Question

A body is projected at an angle of $45^{\circ}$ from a point on the ground at a distance of $30 \,m$ from the foot of a vertical pole of height $20\, m$. The body just crosses the top of the pole and strikes the ground at a distance $s$ from the foot of the pole on the other side of the pole.

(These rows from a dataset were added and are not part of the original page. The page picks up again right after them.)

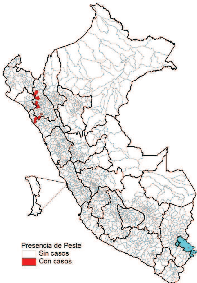
Casos acumulados 2012-2018

Desde el 2012 hasta el 2018, 14 distritos al menos con un caso de peste.
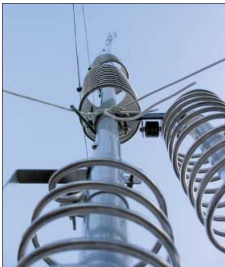
Bild 7: Gesamtansicht der HF9V von unten

Es fiel auf, dass es sich um eine sehr ruhige Antenne handelt, die wenig lokales QRM einfängt. Auch sendeseitig kommt man bereits mit einem 100-W-Transceiver gut heraus, wie die Funkpartner bestätigten. Die Mittenfrequenzen sind allerdings teilweise merklich von den Erdverhältnissen
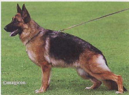
*Musa di Ca'San Marco, LOI 09/13172, Z: Franco Dolci, I-20059 Vimercate (MI), E: Sari Nohe, 68519 Viernheim, Halter: Giorgio Dolci, I-20059 Vimercate (MI)

1 *Musa di Ca'San Marco, LOI 09/13172, 8DO54, SchH2, WT 26.03.2008 (*Hannibal vom Stieglerhof, SZ 2115539, SchH3 FH1 - *Riva vom Riedschlurgi, SZ 2181670, SchH1) HD Italien, DNA gpr., ED normal Italien, HD-Zuchtwert 90. Große, mittelkräftige, in sehr gutem Verhältnis aufgebaute Hündin mit sehr gutem Typ und Ausdruck. Sie hat hohen Widerrist, festen Rücken und eine Kruppe von guter Länge und Lage. Die Vorhand ist gut und die Hinterhand ist sehr gut gewinkelt. Die Brustverhältnisse sind korrekt, die Front ist gerade. Hinten und vorne zeigt sie gerade Schrittfolge. Das Gangwerk ist weit ausgreifend und sehr raumgewinnend mit freiem Vortritt. Während der Gangwerksprobe sollte sie sich noch etwas kon-

Then, $s$

• A. 20 m
• B. 30 m
• C. 50 m
• D. 60 m

Answer 1

Answer: (D)

According to the question, projection of a body shown in the figure below,

Now, from the above figure, let $t$ be the time of crossing of pole,
then, $ 30=t \,u \cos\, 45^{\circ}\,\,\,\,\,\dots(i)$
and $ 20=u \sin 45^{\circ} t-\frac{10}{2} t^{2}\,\,\,\,\,\dots(ii)$
Hence, $30 \sqrt{2}=u t$ and
$\Rightarrow \, 20=\frac{u}{\sqrt{2}} t-5 t^{2}$
$\Rightarrow \, t=\sqrt{2} s$ and $u=30\, m / s$
Hence, $R=\frac{u^{2} \sin 2 \theta}{g}=\frac{30 \times 30 \times \sin 90^{\circ}}{10}=90\, m$
$\therefore $ Distance between pole and the point at which body strike on the ground,
$\Rightarrow \, s=(90-30)=60\, m$